Repeat the span of the entries below that starts at the line with "Standardowe okrągłe złącza" and ends at the line with "1387 - قِيلَ", nothing more. Skip the pictures.

§ Dataset
BEGIN

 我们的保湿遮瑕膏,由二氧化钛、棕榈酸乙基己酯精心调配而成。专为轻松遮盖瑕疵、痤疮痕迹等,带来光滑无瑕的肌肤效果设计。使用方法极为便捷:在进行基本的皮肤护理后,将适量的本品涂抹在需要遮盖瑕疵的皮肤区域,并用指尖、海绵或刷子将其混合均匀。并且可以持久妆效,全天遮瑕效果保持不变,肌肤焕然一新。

END
BEGIN

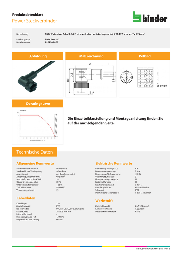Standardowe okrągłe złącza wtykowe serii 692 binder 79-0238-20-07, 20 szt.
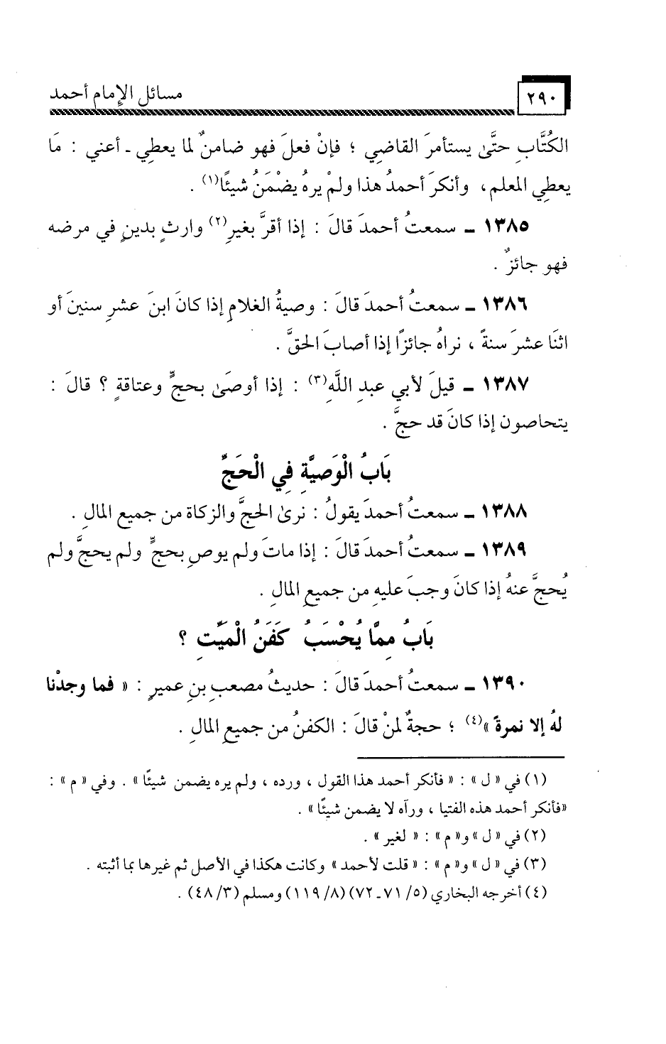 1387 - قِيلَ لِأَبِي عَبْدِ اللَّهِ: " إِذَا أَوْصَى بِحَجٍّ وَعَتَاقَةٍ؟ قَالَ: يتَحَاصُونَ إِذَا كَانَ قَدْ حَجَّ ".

END
BEGIN

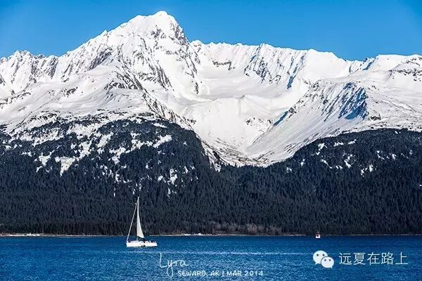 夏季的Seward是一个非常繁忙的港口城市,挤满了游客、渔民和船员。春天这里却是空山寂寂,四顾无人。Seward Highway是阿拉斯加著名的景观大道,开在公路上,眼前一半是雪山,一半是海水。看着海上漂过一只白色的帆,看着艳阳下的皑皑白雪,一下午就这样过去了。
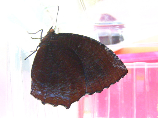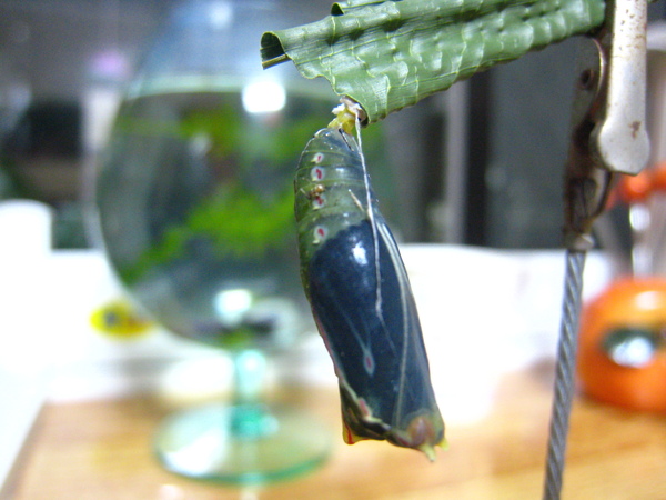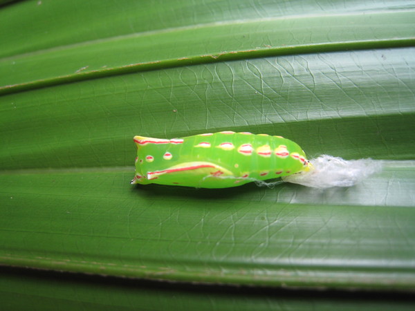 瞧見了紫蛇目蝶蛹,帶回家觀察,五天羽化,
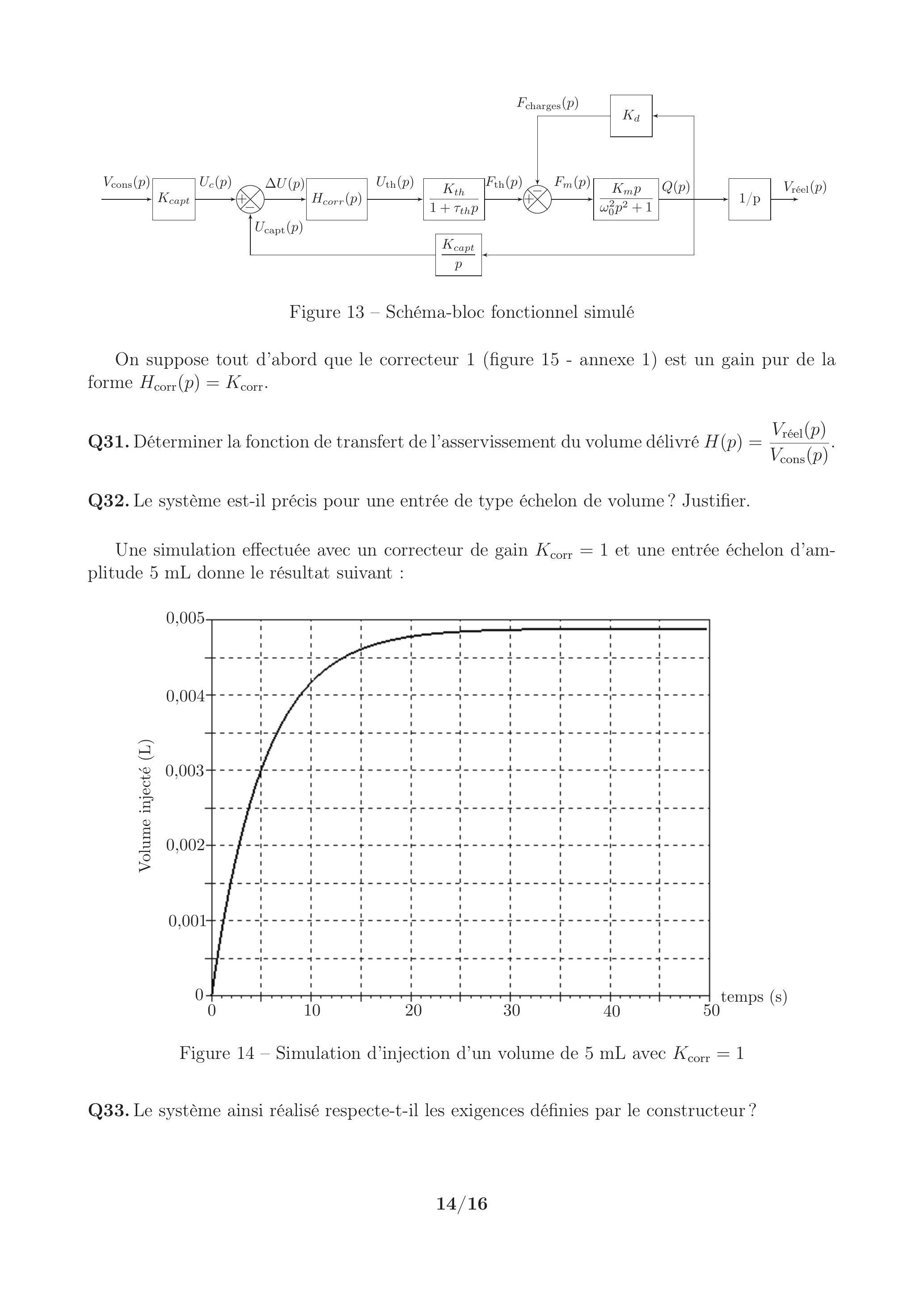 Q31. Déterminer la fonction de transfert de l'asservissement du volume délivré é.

END

§ Exercise solution
Standardowe okrągłe złącza wtykowe serii 692 binder 79-0238-20-07, 20 szt.
 1387 - قِيلَ لِأَبِي عَبْدِ اللَّهِ: " إِذَا أَوْصَى بِحَجٍّ وَعَتَاقَةٍ؟ قَالَ: يتَحَاصُونَ إِذَا كَانَ قَدْ حَجَّ ".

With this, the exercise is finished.